One of the police officers who attended the scene applied a tourniquet to Mr Gawkiewicz’s leg, which the surgeon who operated on him said ‘may have saved his life.’

And Mr Bevan had ‘a huge collection of blood around the heart’ from his wound, and would have died ‘within an hour or two’ according to consultant surgeon Uday Dandekar who operated on him.

Giving evidence, Sleem had denied having stabbing Mr Gawkiewicz and claimed that Mr Bevan had come at him with a knife.

He claimed he feared for his life, adding: “He stumbled. I tried a martial arts axe kick to keep him down.”

And of then stabbing Mr Bevan, he said: “My intent was to put one in his shoulder. I intended to aim for his shoulder to immobilise him so he couldn’t use that arm to produce the knife.”

At the resumed hearing, his barrister Andrew Copeland argued: “It is unlikely any of us would be here if it was not for Mr Bevan going back to get what he called his ‘protection,’ that large knife, and going back.

“It may be Mr Sleem would not have gone down without a knife. He clearly thought there was going to be a confrontation – and there was.”

Mr Copeland conceded: “But for Pc [Chris] Batchelder, it may be he would be facing a much more serious allegation.”

Graeme Simpson, for Kessna, pointed out he had not been armed with a knife, but a sharpened piece of plastic trunking which a pathologist said could not have inflicted serious injury.

Jailing the two men, Judge Peter Cooke said: “This incident did not begin with Wayne Bevan brandishing the very large knife/machete he returned with.

“It began with him leaving the odd block to go round to the even block to see [a friend] to cadge a cigarette from him.

“It was after he had been threatened that he armed himself, so he was not the author of that day’s events, he was reacting in alarm to the hostile behaviour you two had shown.

“The jury found that the attack on Sebastian Gawkiewicz was carried out with the intention to inflict really serious injury, rather than to kill him – but it was an attack which resulted in life-threatening injuries.

“It was an attack in which both of you took part, with you Mr Sleem inflicting the injury with one of two knives you took to the scene.

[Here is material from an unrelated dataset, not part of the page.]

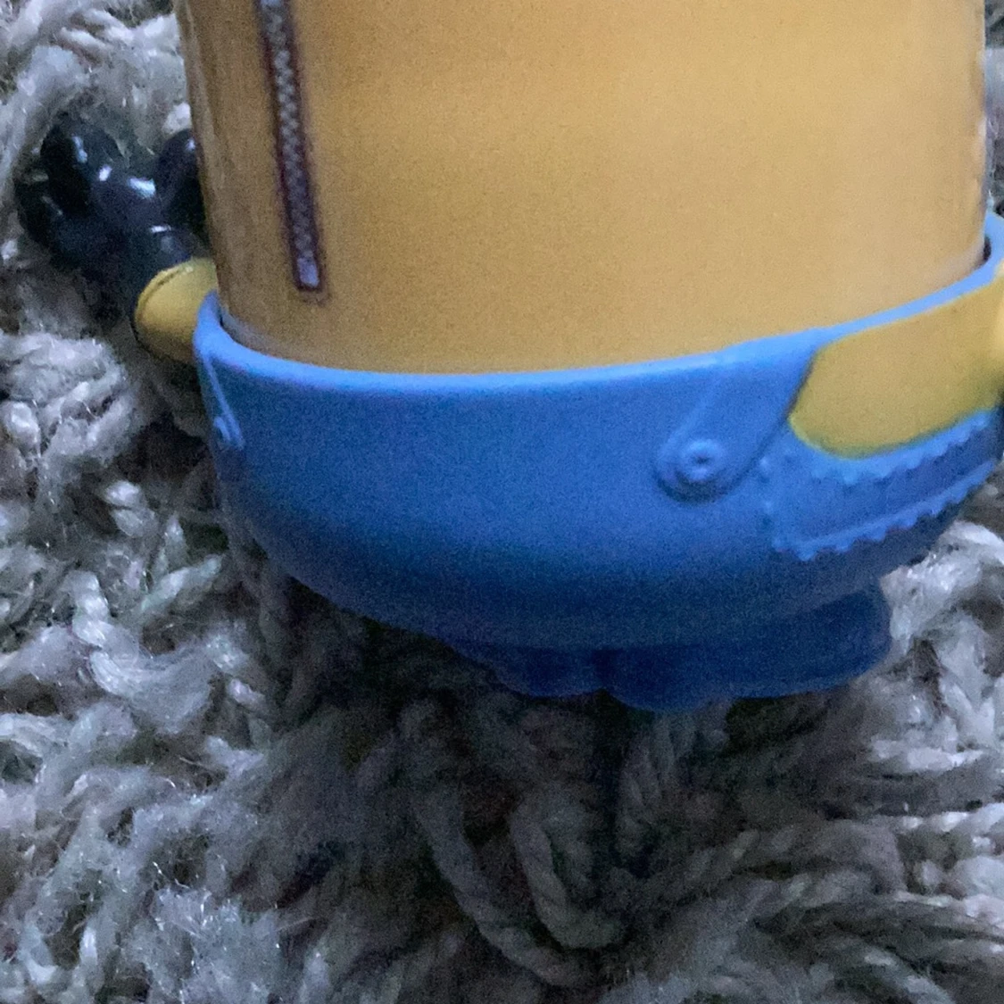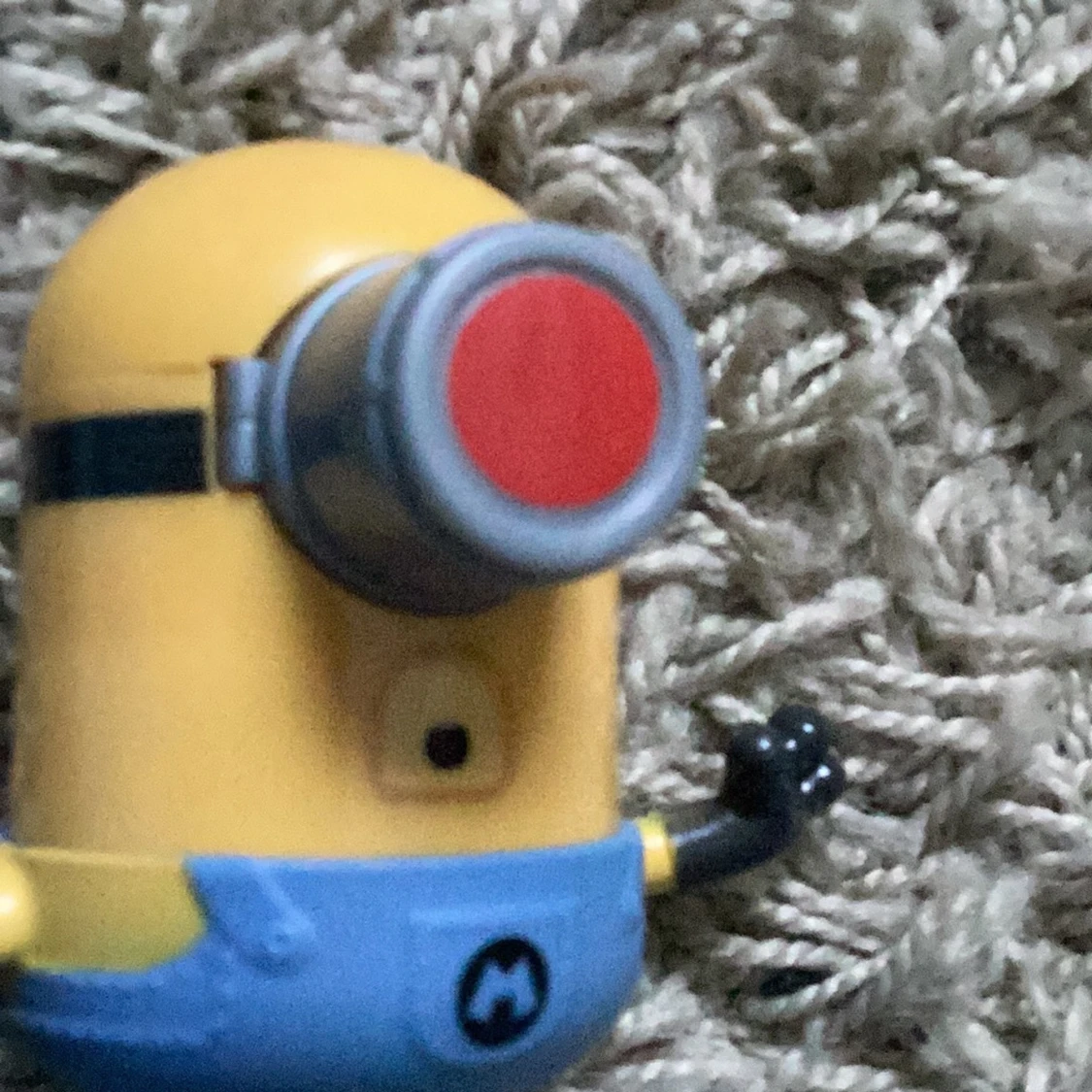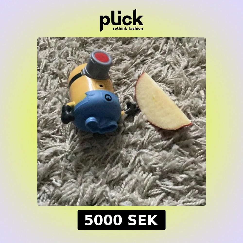 En liten Minion-figur med blå overall och en stor röd knapp på framsidan. Figuren har svarta handskar och skor, samt en grå detalj runt ögat. Perfekt för fans av de populära filmerna följer med äpple samskigt mums mums mums aah!!!

“After you had inflicted a number of stab wounds and left him bleeding on the ground, you returned to him, having stabbed Wayne Bevan, and delivered two kicks to him when he was completely helpless.

"You Kessna played a supporting role. You brought a weapon to the scene, although in your case it was a sharp piece of plastic trunking.

“At the start of the incident you pursued him and cut off any chance of retreat to the odd block, and it was that cornering of him which allowed Sleem to launch his potentially fatal attack with one of the knives I am satisfied you knew he had on him.

"Once Sebastian Gawkiewicz was severely injured, you were seen to be doing something plainly hostile to him, whether it was delivering blows or seeking to restrain his arms, that is what you were doing as Sleem kicked him.

“You then continued your support of Sleem by hiding the knives in the freezer compartment of your fridge.

“Sleem, the jury unanimously found that the stab which punctured Wayne Bevan’s hear was delivered with the intent that it should prove fatal. That stabbing was gratuitous and vicious.

“But for prompt medical attention he too would have died. In fact the pathologist expressed surprise that he had survived, and having stabbed him, you left him to die and walked off to resume your attack on Sebastian Gawkiewicz.”